[Start of Attachment]

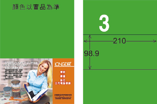 商品名稱:龍德 LD-807-FG-C A4雷射影印標籤 螢光綠 / 包
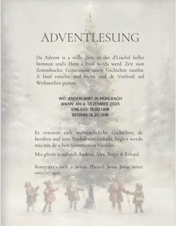 Reserviert euch einen Tisch und freut euch auf einen schönen Abend mit Adventlesung und netten Gesprächen.
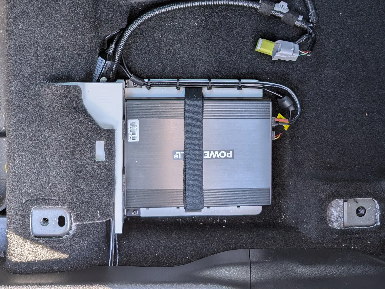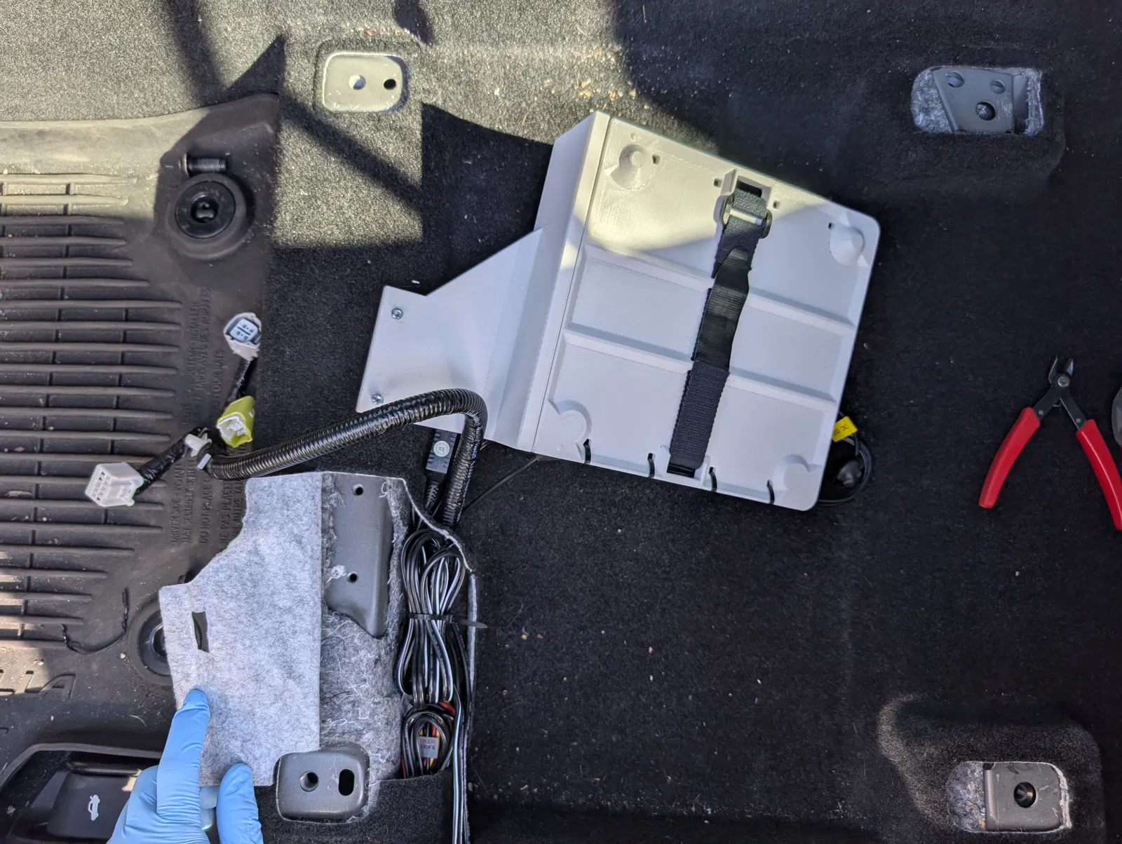 Chỉ dùng Velcro để dán pin dashcam lên thảm sàn xe có thể làm lớp Velcro bị giật rách khỏi thảm. Để tránh tình trạng đó, bộ mount này sẽ bắt cố định vào các lỗ bulông zin (OEM bolt holes) trên thanh ngang ghế lái (seat crossbar), vốn được Toyota thiết kế sẵn để gắn ampli JBL.
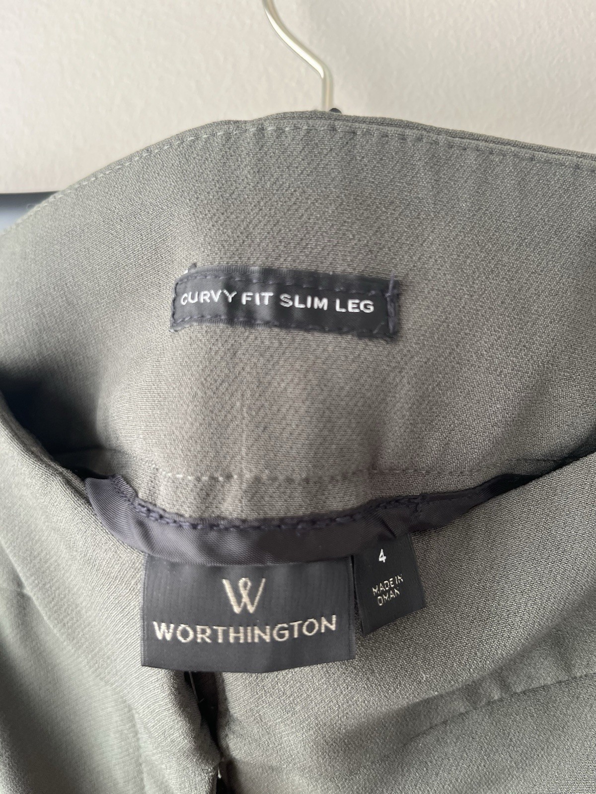 Worthington Womens Ladies Gray Curvy Fit Slim Leg Dress Pants Slacks Size 4 NEW. Shipped with USPS Ground Advantage.
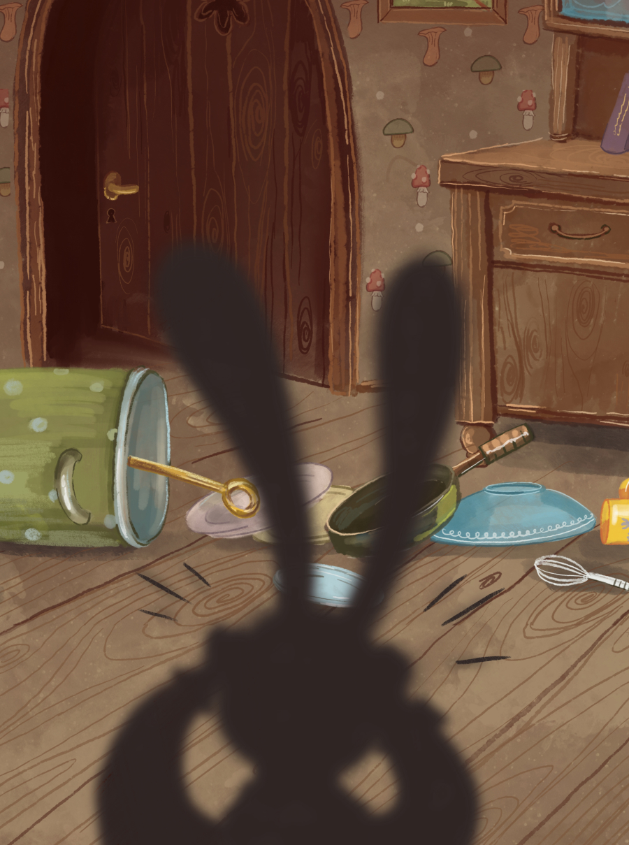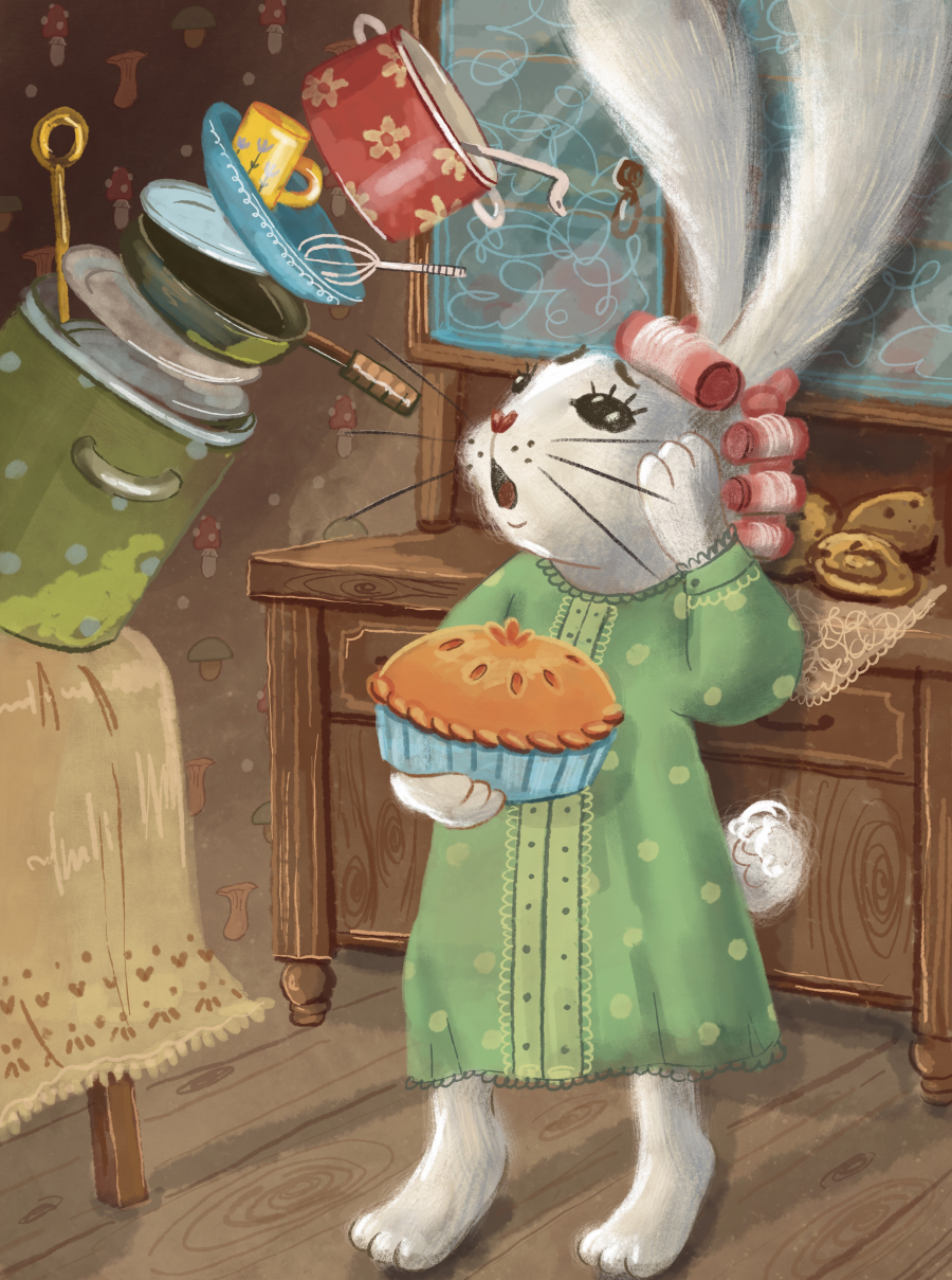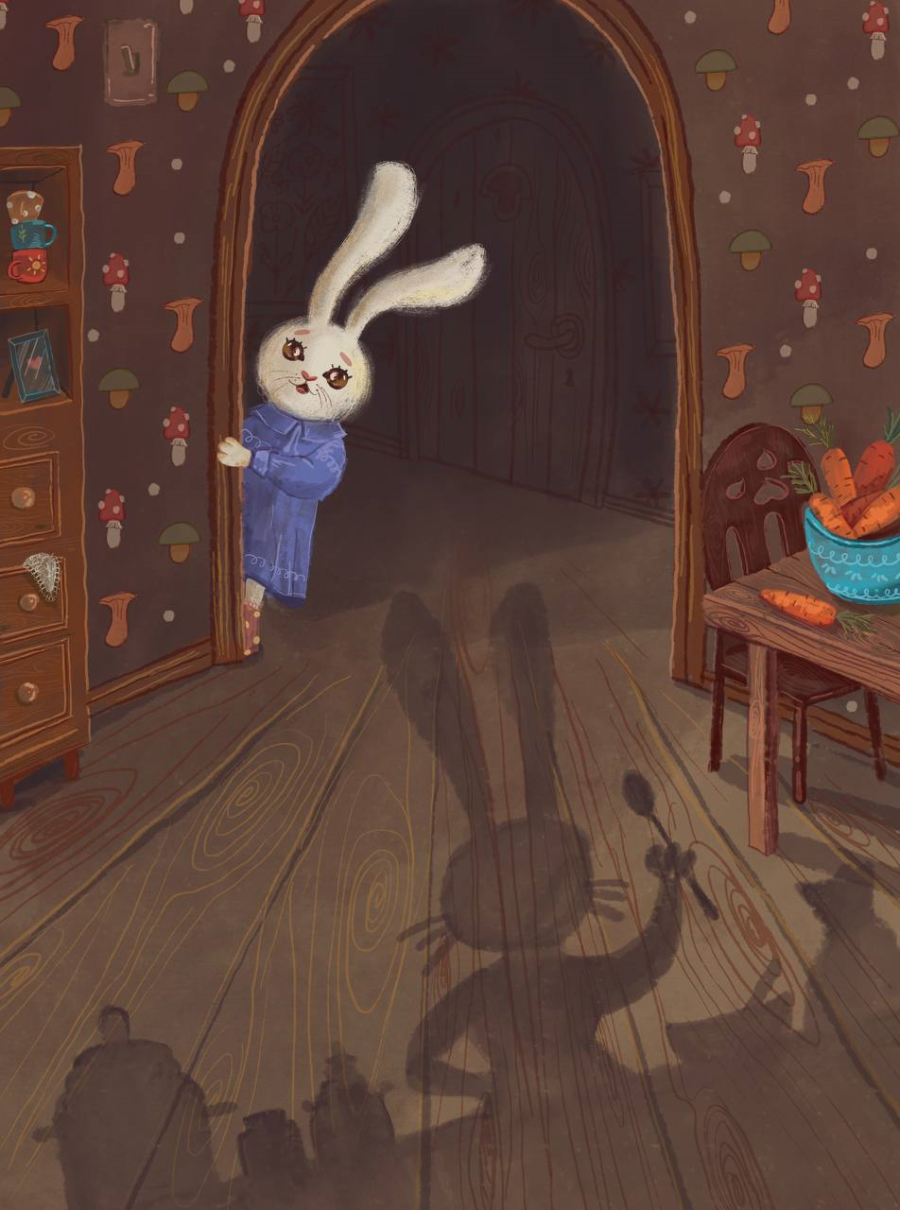 З цікавістю та трохи хвилювання він вирушає дослідити, хто ж порушив нічну тишу. Його шлях проходить вузьким коридором, повз напівпрочинені двері, аж доки він не зазирає на кухню… Там він бачить свою маму-кролицю: вона тихенько бере з підвіконня щойно спечений пиріг і повертається до своєї кімнати.
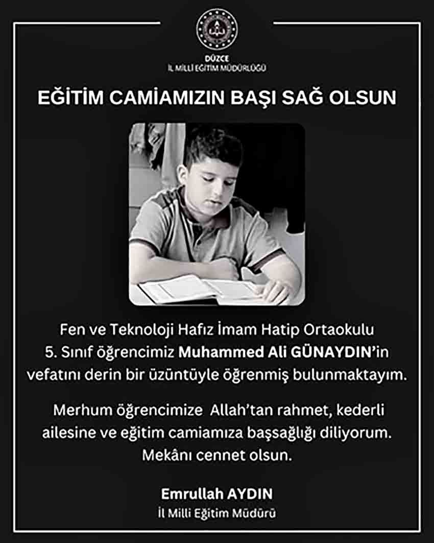 Düzce Milli Eğitim Müdürlüğü hayatını kaybeden öğrenci için taziye mesajı yayınladı. Mesajında "Eğitim camiamızın başı sağ olsun. Fen ve Teknoloji Hafız İmam Hatip Ortaokulu 5. sınıf öğrencimiz Muhammed Ali Günaydın’ı kaybetmenin derin üzüntüsü içindeyiz. Merhum öğrencimize Allah’tan rahmet, ailesine ve eğitim camiamıza başsağlığı diliyoruz. Mekanı cennet olsun" denildi.
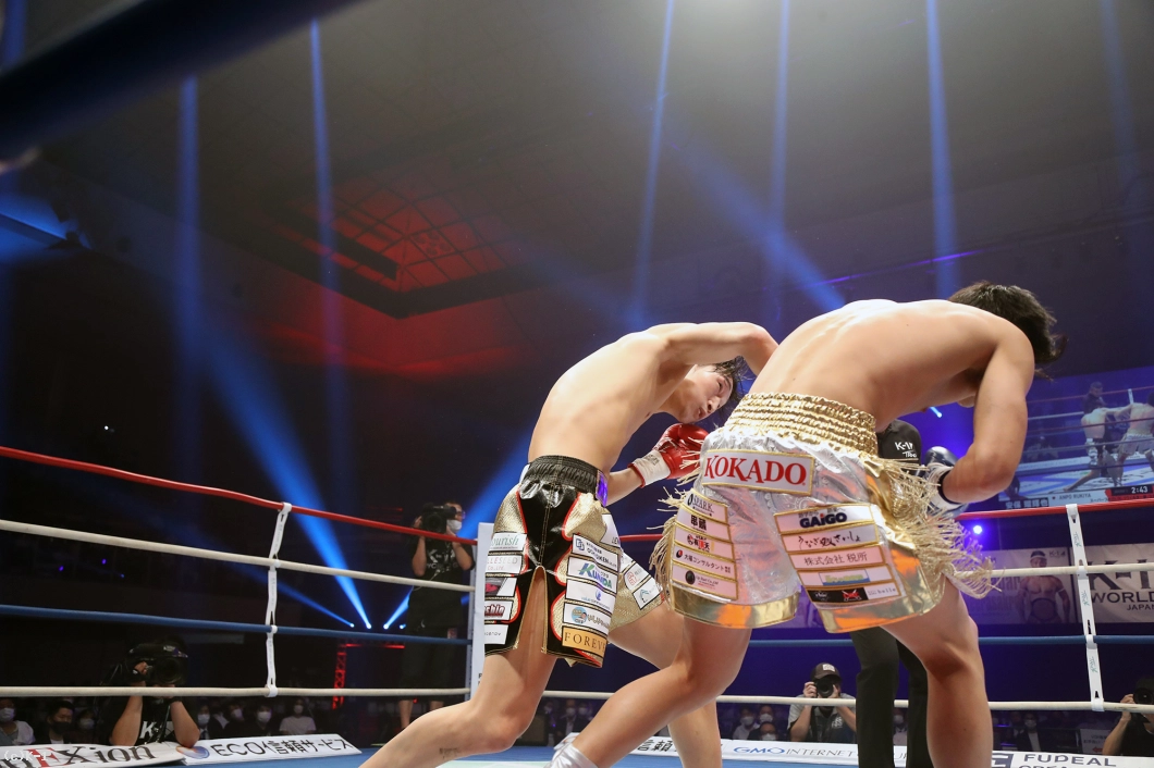 (相手の印象は?)ミドルキックは重たかったですね。2回もらったんですけど、蹴りは重いな。ウェルター級のパワーは感じました。でも試合が早く終わりすぎたのでそこまで印象はないです。(ウェルター級での試合に向けたコンディション作りやリング上での動きは?)僕トレーナーが変わって、和歌山でボクシングとキックボクシング、キックはスパーリングを主にやっているんですけど、その先生からも100点の動きだと褒めていただいて、結果にもでたんじゃないか。自分自身この練習環境に変えてから自信もありましたし、それで大きいことも言えたので、今ウェルター級のベルトを獲るのは俺しかいないと言っていますけど、嘘偽り無く俺が獲ろうと思っているので、その自信があった上での発言ですね。

[End of Attachment]

**WHAT THE EXERCISE ASKS**
Reproduce all lines above exactly. Leave the images out.

**ANSWER SPACE**
 商品名稱:龍德 LD-807-FG-C A4雷射影印標籤 螢光綠 / 包
 Reserviert euch einen Tisch und freut euch auf einen schönen Abend mit Adventlesung und netten Gesprächen.
 Chỉ dùng Velcro để dán pin dashcam lên thảm sàn xe có thể làm lớp Velcro bị giật rách khỏi thảm. Để tránh tình trạng đó, bộ mount này sẽ bắt cố định vào các lỗ bulông zin (OEM bolt holes) trên thanh ngang ghế lái (seat crossbar), vốn được Toyota thiết kế sẵn để gắn ampli JBL.
 Worthington Womens Ladies Gray Curvy Fit Slim Leg Dress Pants Slacks Size 4 NEW. Shipped with USPS Ground Advantage.
 З цікавістю та трохи хвилювання він вирушає дослідити, хто ж порушив нічну тишу. Його шлях проходить вузьким коридором, повз напівпрочинені двері, аж доки він не зазирає на кухню… Там він бачить свою маму-кролицю: вона тихенько бере з підвіконня щойно спечений пиріг і повертається до своєї кімнати.
 Düzce Milli Eğitim Müdürlüğü hayatını kaybeden öğrenci için taziye mesajı yayınladı. Mesajında "Eğitim camiamızın başı sağ olsun. Fen ve Teknoloji Hafız İmam Hatip Ortaokulu 5. sınıf öğrencimiz Muhammed Ali Günaydın’ı kaybetmenin derin üzüntüsü içindeyiz. Merhum öğrencimize Allah’tan rahmet, ailesine ve eğitim camiamıza başsağlığı diliyoruz. Mekanı cennet olsun" denildi.
 (相手の印象は?)ミドルキックは重たかったですね。2回もらったんですけど、蹴りは重いな。ウェルター級のパワーは感じました。でも試合が早く終わりすぎたのでそこまで印象はないです。(ウェルター級での試合に向けたコンディション作りやリング上での動きは?)僕トレーナーが変わって、和歌山でボクシングとキックボクシング、キックはスパーリングを主にやっているんですけど、その先生からも100点の動きだと褒めていただいて、結果にもでたんじゃないか。自分自身この練習環境に変えてから自信もありましたし、それで大きいことも言えたので、今ウェルター級のベルトを獲るのは俺しかいないと言っていますけど、嘘偽り無く俺が獲ろうと思っているので、その自信があった上での発言ですね。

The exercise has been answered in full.